Impact of findings on practice statements

  • The new classification system GSASA V2 may serve as a helpful tool in daily practice to classify DRPs and clinical interventions undertaken by pharmacists.

  • Classification of DRPs together with according interventions enables demonstration of the performance/impact of clinical pharmacy services.

  • This classification system could be a helpful instrument to collect and quantify data on pharmaceutical interventions, thus enabling the merging of data for epidemiological studies.

Introduction

Drug-related problems (DRPs) are common in hospitalised patients. As defined by the Pharmaceutical Care Network Europe (PCNE), a DRP is an event or circumstance involving drug therapy that actually, or potentially, interferes with the desired health outcomes [1]. A drug-related problem can be a risk to the patient (potential problem) or cause harm (manifest problem) as an adverse drug event (ADE) or an adverse drug reaction (ADR). Multiple causes for DRPs are known such as medication error, poor documentation, failures in communication, inappropriate processes in the health care setting or the patient’s behaviour. A systematic review analysing DRPs in hospitals showed that problems associated with pharmacotherapy lead to a prolonged hospital stay and increased healthcare costs. Medication errors occurred in 5.7 % of all episodes of drug administrations, and 6.1 % of hospitalised patients experienced an ADE or ADR [2].

Increasingly, clinical pharmacists are involved in detecting and solving DRPs on a regular basis. Utilisation of a classification system would aid in the collection of DRPs and the assessment of pharmaceutical interventions; support continuity of care through the promotion of mutual information [3]; and, additionally, such data on pharmacists’ activities could be used for epidemiological studies.

In the literature several classification systems have been proposed. Most instruments, such as APS-Doc [4], DOCUMENT [5], and PI-Doc [6], were considered too time-consuming in practice.
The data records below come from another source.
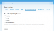 Depends on Project module and the Git versioncontrol backend. Adds a tab to the project page where maintainers that have access to the VCS can select a default branch.
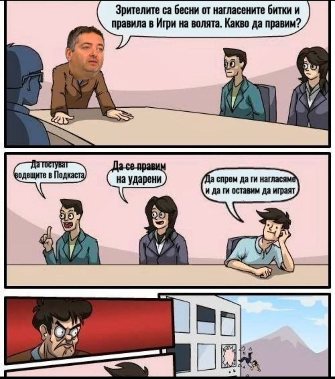 (диви викове пред телевизорите и хвърляния на тежки предмети)
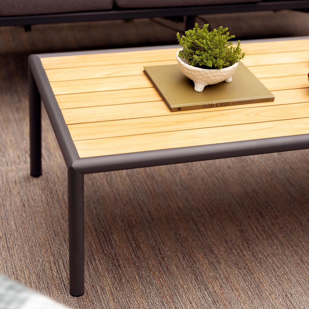 Gordon soffbord i pulverlackad aluminium och massiv teak från Brafab. Snyggt soffbord som passar till soffa och fåtöljer i samma serie.

Another such system, the PCNE [12] classification system, was originally developed for a research and community pharmacy setting and has a strong focus on patient behaviour, therefore making it less appropriate for the hospital setting. Typical hospital medication errors such as application errors, incompatibilities, and incorrect transcription cannot be classified [3]. The large number of subcategories (n = 71) renders the tool very comprehensive, but hinders its application in a daily routine setting. Allenet et al. validated an instrument for the documentation of clinical pharmacists’ interventions (SFPC system), which proved to be suitable for daily practice [7]. However, this simple system lacks subcategories to document detailed information, and the cause of the DRPs is not assessed. Hence, validated, structured, and standardised classification systems for pharmaceutical interventions, which fulfil both requirements of comprehensive classification and simple use in daily clinical practice, are rare.

Validation confirms, through the provision of objective evidence, that the requirements for a specific use or application are fulfilled [8]. Validation of a classification system is necessary, not only to ensure that one code reflects a unique DRP, but to guarantee that this coding is understandable to user. The literature describes the following criteria for validating DRP classification systems: (1) appropriateness (is the classification content appropriate to the questions the application seeks to address?) (2) acceptability (is the classification acceptable to the users?) (3) feasibility (is the application easy to use?) (4) interpretability (how well can the classification codes be interpreted?) (5) reliability (does the classification generate results that are reproducible and internally consistent?) (6) validity (does the classification measure what it claims to measure?) (7) responsiveness (does the classification offer options to follow up interventions and monitor outcomes of interventions?) [9].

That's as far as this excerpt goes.